Laboratory test overuse occurs when tests are ordered repetitively, without due consideration of impact on clinical status. Repetitive inpatient lab testing often provides limited value for patient outcomes while increasing healthcare costs, patient discomfort, and unnecessary transfusions and prolonging hospitalizations. The research study aims to reduce laboratory test overuse in hospitals through implementation of a comprehensive, multi-disciplinary, and multi-faceted intervention bundle that includes audit and feedback reports, clinician education, clinical decision support tool, and patient infographics across 14 hospitals in Alberta.

Study Overview

• Status: Recruiting
• Conditions: Utilization, Health Care
• Intervention / Treatment: Other: Multimodal Intervention: Education; Other: Multimodal Intervention: Audit and Feedback; Other: Multimodal Intervention: Patient Engagement; Other: Multimodal Intervention: System Changes

Detailed Description

Background: Laboratory and Pathology testing contributes to rising health care expenditure. A relatively large percentage (up to 42%) of laboratory testing can be considered wasteful. Redundant testing alone has been estimated to waste up to 5 billion USD annually in the USA. Laboratory over-utilization leads to false positives that promotes further inappropriate testing and procedures, interruption of normal sleep pattern of inpatients, as well as iatrogenic anemia and pain. A Canadian study showed significant hemoglobin reductions as a result of phlebotomy.
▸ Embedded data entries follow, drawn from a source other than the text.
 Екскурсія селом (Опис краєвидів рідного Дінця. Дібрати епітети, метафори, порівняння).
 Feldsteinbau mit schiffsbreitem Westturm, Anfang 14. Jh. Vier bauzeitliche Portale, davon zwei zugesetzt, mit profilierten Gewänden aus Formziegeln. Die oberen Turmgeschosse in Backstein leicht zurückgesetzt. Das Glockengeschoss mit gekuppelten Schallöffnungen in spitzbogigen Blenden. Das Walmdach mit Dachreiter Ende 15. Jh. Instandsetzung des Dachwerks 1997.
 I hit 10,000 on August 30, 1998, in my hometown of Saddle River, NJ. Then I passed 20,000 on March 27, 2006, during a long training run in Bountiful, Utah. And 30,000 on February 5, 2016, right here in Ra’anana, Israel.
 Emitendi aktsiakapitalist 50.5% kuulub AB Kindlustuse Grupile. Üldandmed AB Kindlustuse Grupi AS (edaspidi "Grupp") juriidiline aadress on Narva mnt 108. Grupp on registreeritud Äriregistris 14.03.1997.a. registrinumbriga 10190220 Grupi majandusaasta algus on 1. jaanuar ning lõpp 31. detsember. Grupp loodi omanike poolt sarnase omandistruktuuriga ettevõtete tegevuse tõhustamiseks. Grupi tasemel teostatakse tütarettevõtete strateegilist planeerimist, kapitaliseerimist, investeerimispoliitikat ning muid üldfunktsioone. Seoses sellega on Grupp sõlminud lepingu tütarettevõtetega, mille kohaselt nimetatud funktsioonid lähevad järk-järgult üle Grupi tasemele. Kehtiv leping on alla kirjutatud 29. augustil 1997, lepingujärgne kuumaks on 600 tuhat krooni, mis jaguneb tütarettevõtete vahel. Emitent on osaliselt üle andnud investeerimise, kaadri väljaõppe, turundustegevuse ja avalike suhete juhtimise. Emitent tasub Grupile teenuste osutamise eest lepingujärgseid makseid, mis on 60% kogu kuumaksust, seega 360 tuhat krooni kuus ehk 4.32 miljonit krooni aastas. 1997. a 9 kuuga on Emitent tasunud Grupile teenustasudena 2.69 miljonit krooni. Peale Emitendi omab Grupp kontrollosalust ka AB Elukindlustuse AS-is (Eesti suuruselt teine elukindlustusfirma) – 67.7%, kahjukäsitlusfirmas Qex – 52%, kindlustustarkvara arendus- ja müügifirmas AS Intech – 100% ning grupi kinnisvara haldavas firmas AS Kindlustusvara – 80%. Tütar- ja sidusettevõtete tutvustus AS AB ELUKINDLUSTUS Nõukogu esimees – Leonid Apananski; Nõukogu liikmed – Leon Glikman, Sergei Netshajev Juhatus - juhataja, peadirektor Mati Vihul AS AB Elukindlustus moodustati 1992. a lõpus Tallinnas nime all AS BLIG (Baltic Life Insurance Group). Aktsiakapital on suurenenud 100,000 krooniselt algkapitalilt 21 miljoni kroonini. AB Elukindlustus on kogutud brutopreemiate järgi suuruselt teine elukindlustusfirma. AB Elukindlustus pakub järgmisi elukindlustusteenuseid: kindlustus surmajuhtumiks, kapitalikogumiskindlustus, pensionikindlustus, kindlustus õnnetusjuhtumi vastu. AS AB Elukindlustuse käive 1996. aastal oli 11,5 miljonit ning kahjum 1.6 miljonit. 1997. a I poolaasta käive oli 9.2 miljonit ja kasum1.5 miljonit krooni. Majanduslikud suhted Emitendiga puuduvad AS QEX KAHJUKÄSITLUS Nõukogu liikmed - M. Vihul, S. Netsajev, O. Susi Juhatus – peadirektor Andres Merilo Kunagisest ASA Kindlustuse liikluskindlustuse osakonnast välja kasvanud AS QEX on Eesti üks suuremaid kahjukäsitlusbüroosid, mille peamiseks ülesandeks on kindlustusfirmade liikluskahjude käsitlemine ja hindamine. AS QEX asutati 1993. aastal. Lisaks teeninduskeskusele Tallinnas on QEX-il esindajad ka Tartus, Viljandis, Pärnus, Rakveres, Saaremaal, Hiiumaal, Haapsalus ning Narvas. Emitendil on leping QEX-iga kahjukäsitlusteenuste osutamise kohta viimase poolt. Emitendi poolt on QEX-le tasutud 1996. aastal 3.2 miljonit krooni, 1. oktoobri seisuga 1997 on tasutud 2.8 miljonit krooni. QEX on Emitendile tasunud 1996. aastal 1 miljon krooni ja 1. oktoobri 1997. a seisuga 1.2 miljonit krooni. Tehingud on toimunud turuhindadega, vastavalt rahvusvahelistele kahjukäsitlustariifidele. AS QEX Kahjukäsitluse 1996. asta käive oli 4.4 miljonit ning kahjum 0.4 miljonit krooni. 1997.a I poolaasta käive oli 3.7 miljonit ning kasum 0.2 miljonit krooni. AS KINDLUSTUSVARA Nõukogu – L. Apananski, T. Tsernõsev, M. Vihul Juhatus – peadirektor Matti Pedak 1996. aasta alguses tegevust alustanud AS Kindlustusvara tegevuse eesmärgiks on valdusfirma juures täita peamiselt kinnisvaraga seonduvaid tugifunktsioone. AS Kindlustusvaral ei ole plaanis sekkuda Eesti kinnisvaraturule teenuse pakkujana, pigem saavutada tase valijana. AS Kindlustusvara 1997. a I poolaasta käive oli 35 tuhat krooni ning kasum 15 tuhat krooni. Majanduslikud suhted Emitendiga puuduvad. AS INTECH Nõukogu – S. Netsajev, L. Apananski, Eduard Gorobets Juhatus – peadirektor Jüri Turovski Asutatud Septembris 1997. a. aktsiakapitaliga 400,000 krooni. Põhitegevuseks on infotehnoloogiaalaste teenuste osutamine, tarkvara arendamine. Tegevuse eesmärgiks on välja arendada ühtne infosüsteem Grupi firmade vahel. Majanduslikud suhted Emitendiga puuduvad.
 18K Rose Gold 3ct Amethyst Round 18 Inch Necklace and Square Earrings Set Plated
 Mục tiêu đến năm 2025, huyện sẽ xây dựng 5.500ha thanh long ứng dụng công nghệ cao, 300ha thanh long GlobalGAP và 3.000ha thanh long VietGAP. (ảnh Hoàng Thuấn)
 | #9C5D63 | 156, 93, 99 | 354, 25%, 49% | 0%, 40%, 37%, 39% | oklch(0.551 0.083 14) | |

Studies support the safe reduction of repetitive laboratory testing without negative effects on adverse events, readmission rates, critical care utilization, or mortality.

The aim of this research study is the following:

1. To implement a multimodal intervention bundle containing healthcare provider and patient engagement tools for hospitalized medical inpatients in 14 hospitals across the province of Alberta in Canada using a cluster randomized stepped-wedge design
2. To evaluate the impact of the LTO intervention bundle on laboratory test utilization of six target laboratory tests (complete blood count, electrolytes, creatinine, urea, partial thromboplastin time, and international normalized ratio), costs, and patient safety outcomes.
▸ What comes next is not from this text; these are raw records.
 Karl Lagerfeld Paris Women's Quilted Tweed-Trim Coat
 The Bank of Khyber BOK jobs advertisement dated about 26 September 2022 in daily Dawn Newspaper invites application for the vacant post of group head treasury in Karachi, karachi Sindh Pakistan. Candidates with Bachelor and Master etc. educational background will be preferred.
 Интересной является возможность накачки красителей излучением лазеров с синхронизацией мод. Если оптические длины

This intervention bundle will be implemented across all the adult hospital sites in Alberta starting January 2023 and evaluated until September 2024. The investigators anticipate recruitment to continue until March 2024. Baseline data will be collected from March 2018.
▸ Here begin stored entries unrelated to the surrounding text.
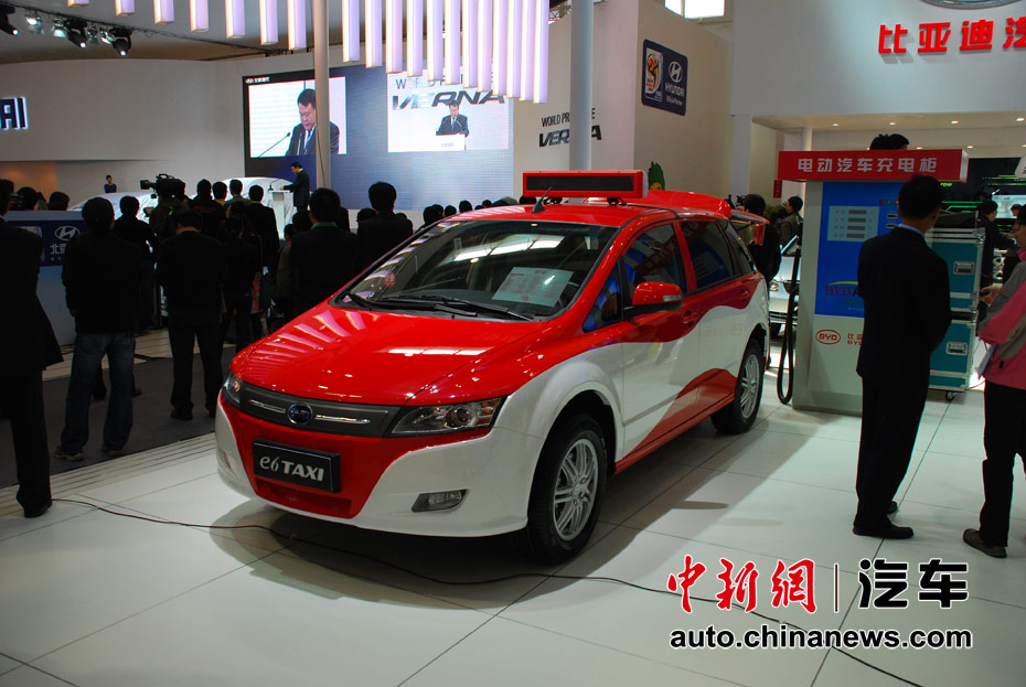 第十一屆北京國際車展23日開幕,在本屆以“暢想綠色未來”為主題的車展上,新能源車成為最大亮點。圖為比亞迪E6電動出租車 王槊 攝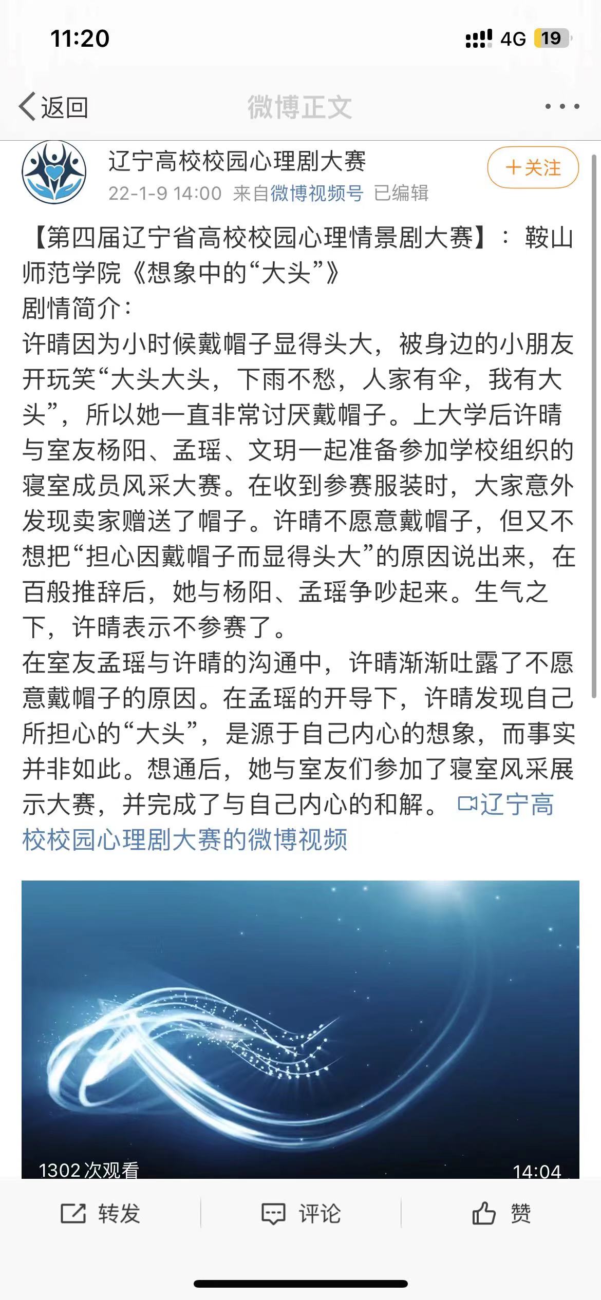 2021年6月,教育科学与技术学院应用心理学专业教师陈奇参与指导,应用心理学专业2019级孙畑畑、黄楚婷,2020级黄锦兰同学参与创作的学生作品《想象中的“大头”》在第四届辽宁省高校校园心理情景剧大赛中荣获二等奖,并于2022年1月作为第四届辽宁省高校校园心理情景剧大赛二等奖作品在微博视频号辽宁省高校心理情景剧大赛展演。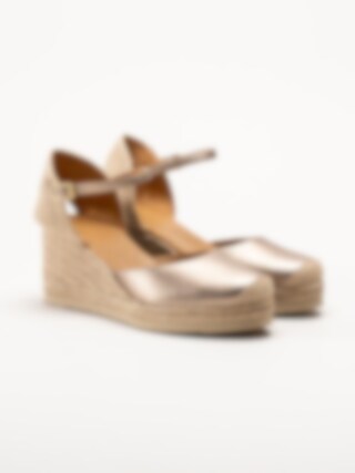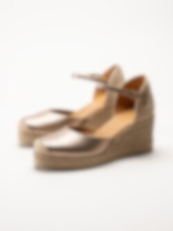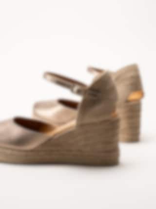 Unisa - caceres_25 - Guldiga kilklackade espadrillos i skinn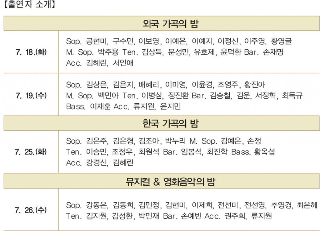 지난 4일과 5일에는 한국 가곡의 밤이라는 주제로 성악가 25명이 출연해 우리 가곡만이 가진 특유의 정서와 아름다운 선율의 세계로 관객들을 안내했으며, 지난 11일과 12일에는 28명의 성악가가 출연해 오페라 중창의 밤을 주제로 음악회를 열었다. 도니체티 오페라 ‘사랑의 묘약’, 베르디의 오페라 ‘라 트라비아타’, ‘운명의 힘’, ‘일 트로바토레’, ‘리골레토’, 모차르트 오페라 ‘마술피리’ 등 오페라 작곡가 8명의 작품 속 중창을 연주했다.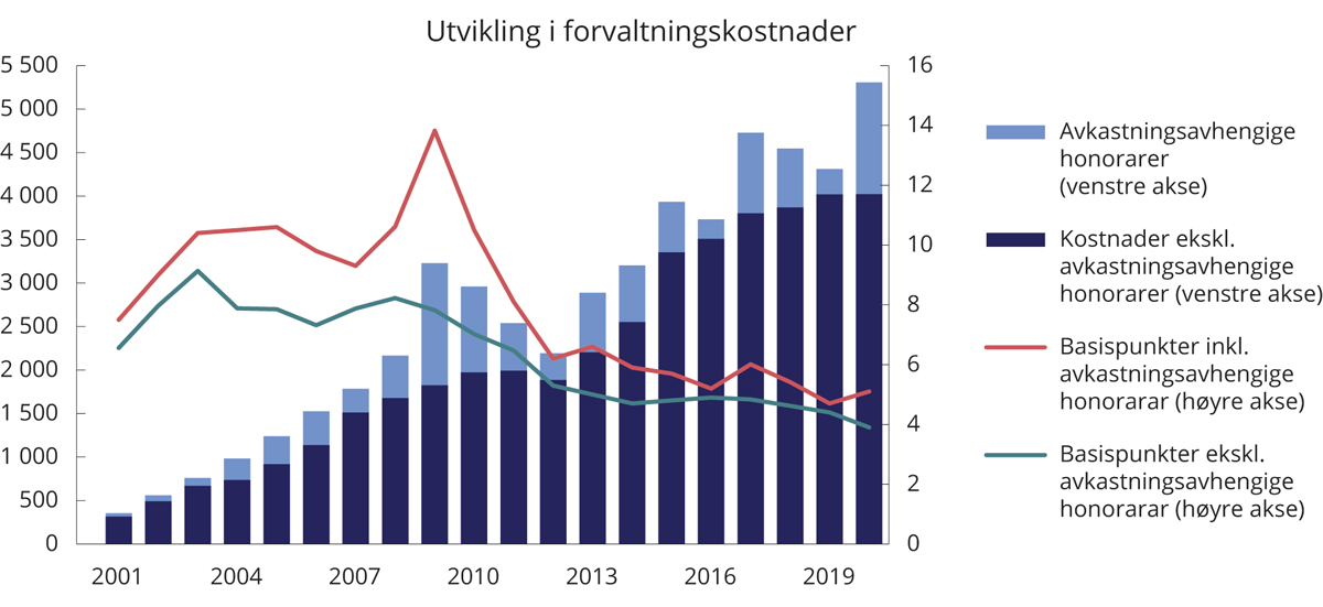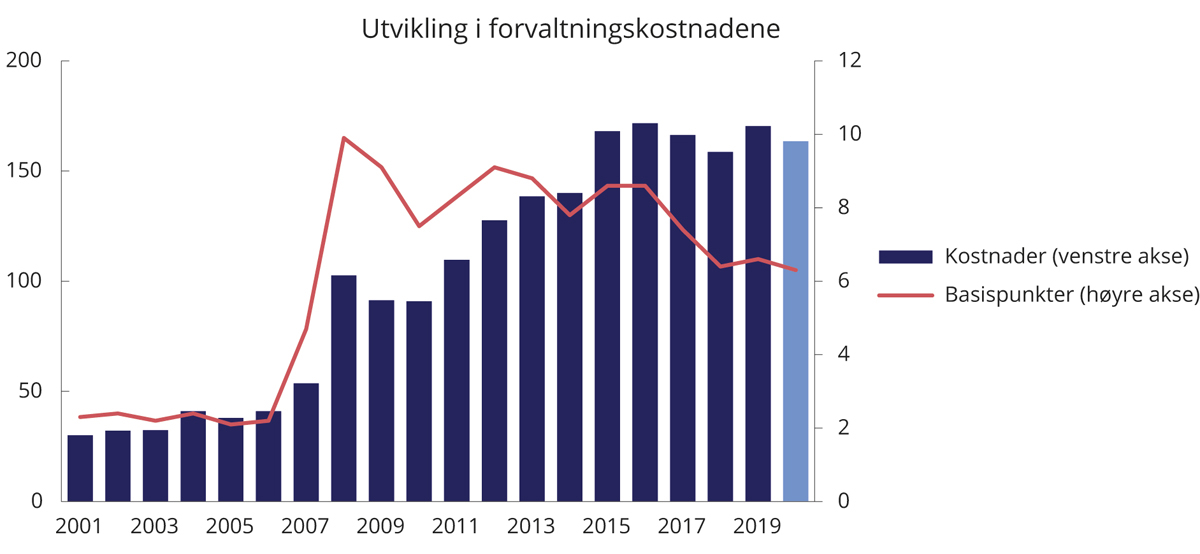 Målt som andel av forvaltningskapitalen, var kostnadene i fjor 5,1 basispunkter i SPU og 6,3 basispunkter i SPN.

• Study Type: Interventional
• Enrollment (Estimated): 251817
• Phase: Not Applicable

Contacts and Locations

• Study Contact: Name: Anshula Ambasta; Phone Number: 1-403-6184586; Email: aambasta@ucalgary.ca
• Study Contact Backup: Name: Surakshya Pokharel; Email: surakshya.pokharel@ucalgary.ca

Study Locations

• Canada
  • Alberta
    • Calgary, Alberta, Canada, T2N 1N4
      • Recruiting
      • University of Calgary
      • Contact: Surakshya Pokharel; Phone Number: (403) 220-5110; Email: surakshya.pokharel@ucalgary.ca
      • Principal Investigator: Anshula Ambasta, Doctor

Participation Criteria

Eligibility Criteria

• Ages Eligible for Study: Adult; Older Adult
• Accepts Healthy Volunteers: Yes

Description

Inclusion Criteria:

• all participants (patients and healthcare providers) within enrolled adult hospitals in Alberta of medical and hospitalist units during study period

Exclusion Criteria:

• outside of the above-mentioned province
• hospitals not enrolled
• non-medical units (eg. ICU, surgical, pediatric, obstetrical units)

Study Plan

How is the study designed?

Design Details

• Primary Purpose: Health Services Research
• Allocation: Randomized
• Interventional Model: Crossover Assignment
• Masking: None (Open Label)

Number of Arms

2

Arms and Interventions

Participant Group / Arm	Intervention / Treatment
No Intervention: Unexposed to intervention (control period); This is the time period of the study where hospital clusters are not receiving the intervention
Experimental: Exposed to intervention (intervention period); This is the time period of the study where hospital clusters are receiving the multimodal intervention.	Other: Multimodal Intervention: Education; The multimodal intervention bundle consists of education, audit and feedback, patient engagement, and system changes.; Other: Multimodal Intervention: Audit and Feedback; The multimodal intervention bundle consists of education, audit and feedback, patient engagement, and system changes.; Other: Multimodal Intervention: Patient Engagement; The multimodal intervention bundle consists of education, audit and feedback, patient engagement, and system changes.; Other: Multimodal Intervention: System Changes; The multimodal intervention bundle consists of education, audit and feedback, patient engagement, and system changes.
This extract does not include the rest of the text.